## Work item
Look in the material below for the line with "- Depozitare pentru" and the line with "그 밖에는 서울 은평뉴타운", then set down exactly those two lines and all lines between, nothing more.

[Data extract]

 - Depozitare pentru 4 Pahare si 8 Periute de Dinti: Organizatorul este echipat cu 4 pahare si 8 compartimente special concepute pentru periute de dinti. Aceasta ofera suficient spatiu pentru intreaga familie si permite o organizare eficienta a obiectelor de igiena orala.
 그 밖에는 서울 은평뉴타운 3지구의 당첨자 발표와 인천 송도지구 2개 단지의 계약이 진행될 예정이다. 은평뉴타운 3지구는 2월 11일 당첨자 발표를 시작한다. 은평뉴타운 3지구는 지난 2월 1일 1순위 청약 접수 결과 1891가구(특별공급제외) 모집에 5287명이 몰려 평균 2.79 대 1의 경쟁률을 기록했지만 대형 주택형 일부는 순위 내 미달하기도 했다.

[/Data extract]
[Data extract]

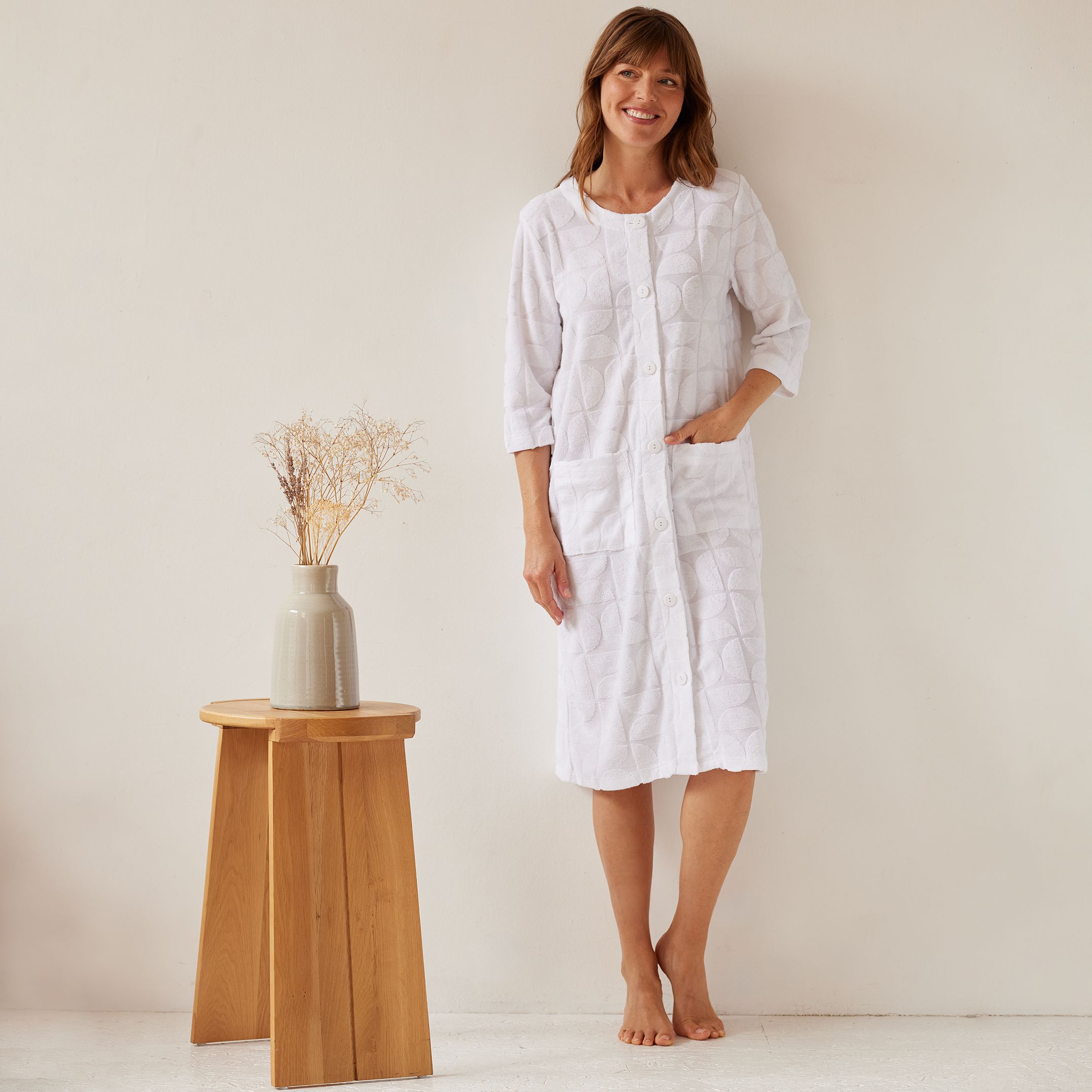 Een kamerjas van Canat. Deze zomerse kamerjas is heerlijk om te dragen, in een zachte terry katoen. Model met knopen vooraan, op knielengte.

[/Data extract]
[Data extract]

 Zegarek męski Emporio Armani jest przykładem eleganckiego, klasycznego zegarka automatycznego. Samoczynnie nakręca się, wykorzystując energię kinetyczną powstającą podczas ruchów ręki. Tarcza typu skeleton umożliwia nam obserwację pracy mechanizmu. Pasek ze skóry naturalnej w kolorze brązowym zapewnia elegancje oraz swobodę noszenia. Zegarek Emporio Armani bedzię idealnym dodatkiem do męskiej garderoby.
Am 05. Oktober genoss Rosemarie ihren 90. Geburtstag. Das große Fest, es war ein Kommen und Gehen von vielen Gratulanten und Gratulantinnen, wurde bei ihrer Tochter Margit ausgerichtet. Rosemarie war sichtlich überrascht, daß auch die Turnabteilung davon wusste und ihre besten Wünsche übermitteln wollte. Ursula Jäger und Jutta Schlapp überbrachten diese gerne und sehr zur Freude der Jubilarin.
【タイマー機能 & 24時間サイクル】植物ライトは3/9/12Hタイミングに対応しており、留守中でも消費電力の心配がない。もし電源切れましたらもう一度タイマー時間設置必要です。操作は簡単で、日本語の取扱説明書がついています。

[/Data extract]

## Your solution
 - Depozitare pentru 4 Pahare si 8 Periute de Dinti: Organizatorul este echipat cu 4 pahare si 8 compartimente special concepute pentru periute de dinti. Aceasta ofera suficient spatiu pentru intreaga familie si permite o organizare eficienta a obiectelor de igiena orala.
 그 밖에는 서울 은평뉴타운 3지구의 당첨자 발표와 인천 송도지구 2개 단지의 계약이 진행될 예정이다. 은평뉴타운 3지구는 2월 11일 당첨자 발표를 시작한다. 은평뉴타운 3지구는 지난 2월 1일 1순위 청약 접수 결과 1891가구(특별공급제외) 모집에 5287명이 몰려 평균 2.79 대 1의 경쟁률을 기록했지만 대형 주택형 일부는 순위 내 미달하기도 했다.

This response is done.